Resources and Overwhelm - in the cranial context

Posted by Cathryn Brooks Over 1 Year Ago


Resources are essential to health and Healing. Resources can be defined as anything that supports health. All Healing occurs in relationship to the amount of resources that we can bring to bear in a given situation and, as we begin to connect with a client as therapists, our first priority is often to establish someone’s ability to find their resources and in addition, whether they can manifest present time, embodied awareness of those resources.

It is very different treating someone who is in a stable, happy family/relationship environment, has a strong network of friends, is fulfilled in their work, is able to express creativity, likes where they live, has a relationship with the natural environment and has a strong sense of their body, from someone who is isolated, feels unsafe, is disconnected from their body, has little or no contact with the natural world and has very little stability.

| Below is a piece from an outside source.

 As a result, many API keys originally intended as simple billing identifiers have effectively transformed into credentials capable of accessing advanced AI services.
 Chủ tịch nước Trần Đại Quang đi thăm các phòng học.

Resources are very personal, and are a mixture of external events or object and internal beliefs or frameworks. They tend to generate body sensations of ease, calm, warmth, space and stillness. There is an inner sense of being alright, strength, hope, vitality and safety when we are in a relationship with our resources.

Resources are not fixed and cannot be imposed from the outside, and the right fit of resources will emerge through the therapeutic relationship and will evolve as session work progresses.

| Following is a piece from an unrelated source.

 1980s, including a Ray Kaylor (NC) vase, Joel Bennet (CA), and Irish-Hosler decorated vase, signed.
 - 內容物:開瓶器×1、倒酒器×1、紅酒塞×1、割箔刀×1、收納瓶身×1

Developing resources needs to be handled creatively and with a light touch; too much insistence and a formulaic approach on the part of the therapist working to support a client to get in touch with their own resources may get in the way.

Helping someone take control of how the room is organised and take control of where, when and how contact is made can be incredibly productive negotiations that can be played out over a number of sessions.

Supporting a client’s journey towards awareness that, yes we do have emotions and sensations but that we do not need to become them is very important. Stepping back and finding a wider context and other sensations is often a transformational shift:

  • Present-time embodied sensations as resources
  • Memory of resources
  • Fantasy of resource
  • Awareness exercise: finding places of health in your body

Trauma can be defined as anything that overwhelms our resources (Levine 1997). When we are overwhelmed we rely on very primitive responses that are hard wired into our physiology. Understanding our responses to overwhelm is clinical gold dust.